What is feeding my argument as well is that the JSON importer accepts the following data structure:

[
    {
        "address": "10.1.1.1/24",
        "status": "active"
    },
    {
        "address": "10.1.1.2/24",
        "status": "active"
    }
]

This is the exact equivalent of the YAML structure

- address: 10.1.1.1/24
  status: active
- address: 10.1.1.2/24
  status: active

So it really makes sense to support it in addition to the multi-document variant that js supported at the moment. Given the fact that it is currently possible to submit valid YAML structures that cause exceptions trying to parse them _clean_yaml() needs to be revised anyway.

kkthxbye-code commented 1 year ago

it's the canonical output when you give yaml.dump with a datastructure roughly equivalent to a CSV:

While I don't have strong feelings either way, if you use yaml.dump_all() it matches the output netbox expects. Which makes sense as we load using yaml.load_all(). Personally I think it would be best to specify one format, but I don't have any good arguments for or against.

Whatever we decide, we should at least support the format that the DeviceType export function exports in, which is currently multiple yaml documents via. dump_all(), so it needs to be changed if we change the format.

peteeckel commented 1 year ago

I made an experiment, just to check my own perception (sometimes you live in a strange bubble), and asked a few colleagues what they think of first when they should represent the data structure of multiple records with specific fields as a YAML structure. All of them came up with the 'list of dictionaries' idea, some of them didn't even know that the multi-document approach exists (I did, but it was stored away in some very remote attic of my brain).

What's the rationale behind using dump_all()? Is there any use case that makes dump() impractical or less obvious? I'm trying to figure out the advantage of using what I feel is a slightly exotic format.

Anyway, IMHO it makes sense to be tolerant in what you accept and strict in what you emit - so I'd really prefer the approach outlined above of accepting any structure that represents the record structure that needs to be imported.

By the way, I tried to import

{
    "address": "10.1.5.1/24",
    "status": "active"
},
{
    "address": "10.1.5.2/24",
    "status": "active"
}

(with and without the comma between the dictionaries) as JSON input - both were not accepted.
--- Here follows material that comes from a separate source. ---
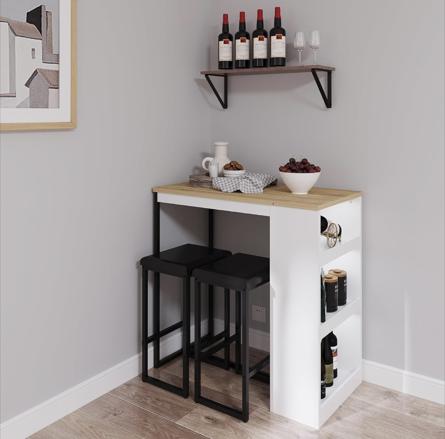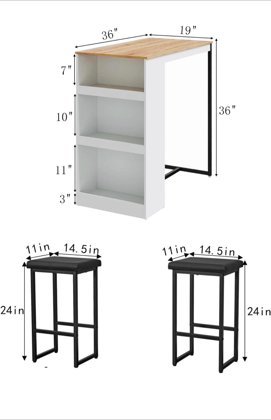Bar Table with 2 Stools - White/Black with storage

So in JSON the only valid form structure is what would, when parsed as YAML (which is possible, JSON usually is valid YAML as well) be represented as

- address: 10.1.5.1/24
  status: active
- address: 10.1.5.2/24
  status: active
jeremystretch commented 1 year ago

Hm. That is probably not what anyone would expect when YAML is mentioned. It definitely is a very special case that does not make too much sense to me.

This is the same way the device type YAML import has worked for years.

peteeckel commented 1 year ago

This is the same way the device type YAML import has worked for years.

Never mind - I can adjust to that, my point is just that IMHO it is a quite unusual variant of YAML.

The main point of this issue still remains - getting the input format wrong while providing a valid YAML structure should not cause an exception later in the process, but a ValidationError while cleaning the input.

The current code only checks for YAML validity (a test that all of my input variants passed) in _clean_yaml and then an exception is raised later when the parsed data structure does not match the implicitly expected format.